Data extract:
----------

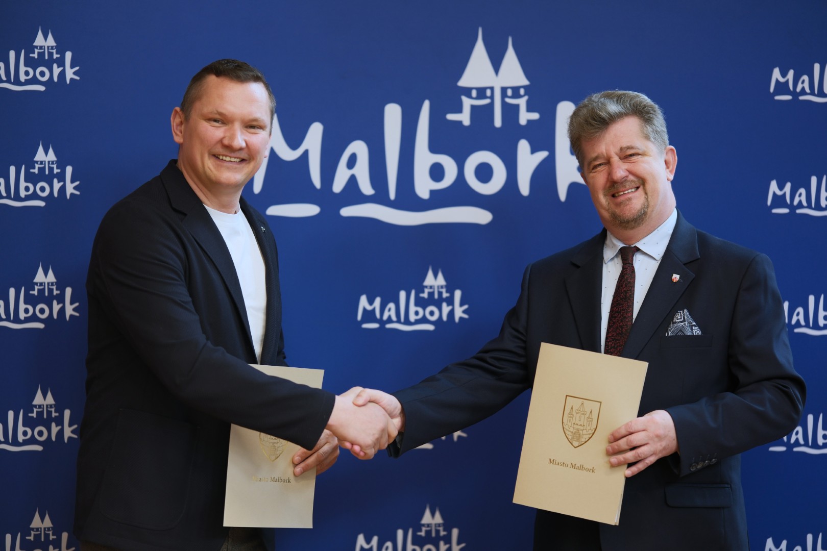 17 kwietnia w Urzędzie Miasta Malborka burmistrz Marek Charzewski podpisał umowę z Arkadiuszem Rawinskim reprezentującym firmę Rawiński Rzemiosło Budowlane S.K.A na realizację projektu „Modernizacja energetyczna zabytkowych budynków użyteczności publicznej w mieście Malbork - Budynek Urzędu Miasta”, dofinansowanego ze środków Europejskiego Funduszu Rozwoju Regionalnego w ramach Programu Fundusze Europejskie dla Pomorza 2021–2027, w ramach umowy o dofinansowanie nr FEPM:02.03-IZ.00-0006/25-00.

----------

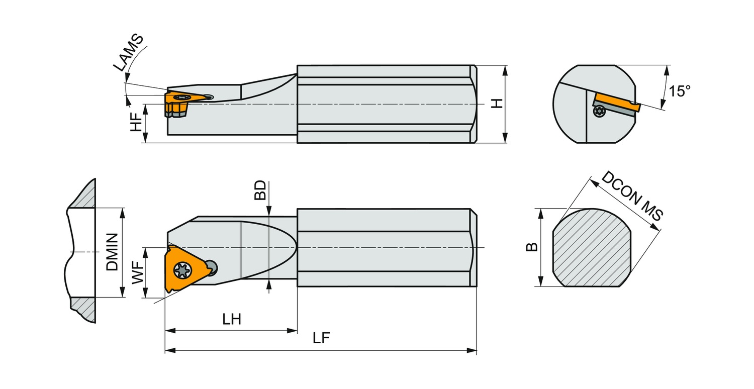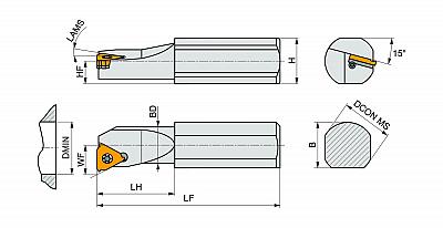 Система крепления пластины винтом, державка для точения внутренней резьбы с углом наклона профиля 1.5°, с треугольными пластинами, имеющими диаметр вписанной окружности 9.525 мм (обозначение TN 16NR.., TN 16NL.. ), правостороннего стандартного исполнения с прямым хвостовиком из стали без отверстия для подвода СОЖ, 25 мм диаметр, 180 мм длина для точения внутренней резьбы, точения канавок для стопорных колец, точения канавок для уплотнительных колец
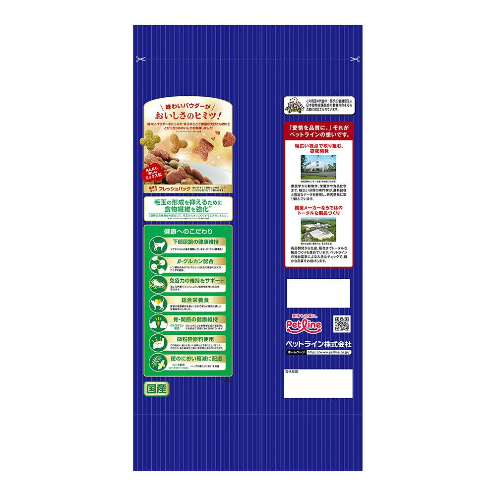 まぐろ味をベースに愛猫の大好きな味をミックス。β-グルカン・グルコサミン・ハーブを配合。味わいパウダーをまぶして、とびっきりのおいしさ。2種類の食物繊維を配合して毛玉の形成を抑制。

----------

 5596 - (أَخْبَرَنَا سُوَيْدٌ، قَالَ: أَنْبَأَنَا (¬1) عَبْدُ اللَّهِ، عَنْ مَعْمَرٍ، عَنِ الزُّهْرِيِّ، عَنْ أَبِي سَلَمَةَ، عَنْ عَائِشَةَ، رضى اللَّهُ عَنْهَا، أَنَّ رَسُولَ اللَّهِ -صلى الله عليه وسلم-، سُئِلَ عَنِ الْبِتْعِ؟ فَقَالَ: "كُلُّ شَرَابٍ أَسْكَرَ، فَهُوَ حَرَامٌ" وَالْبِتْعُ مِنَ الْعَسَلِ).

----------

Directions for this task:
Of the records above, print only the lines from the one containing "Система крепления пластины" through the one containing "まぐろ味をベースに愛猫の大好", inclusive and unaltered, leaving out pictures.

Task solution:
 Система крепления пластины винтом, державка для точения внутренней резьбы с углом наклона профиля 1.5°, с треугольными пластинами, имеющими диаметр вписанной окружности 9.525 мм (обозначение TN 16NR.., TN 16NL.. ), правостороннего стандартного исполнения с прямым хвостовиком из стали без отверстия для подвода СОЖ, 25 мм диаметр, 180 мм длина для точения внутренней резьбы, точения канавок для стопорных колец, точения канавок для уплотнительных колец
 まぐろ味をベースに愛猫の大好きな味をミックス。β-グルカン・グルコサミン・ハーブを配合。味わいパウダーをまぶして、とびっきりのおいしさ。2種類の食物繊維を配合して毛玉の形成を抑制。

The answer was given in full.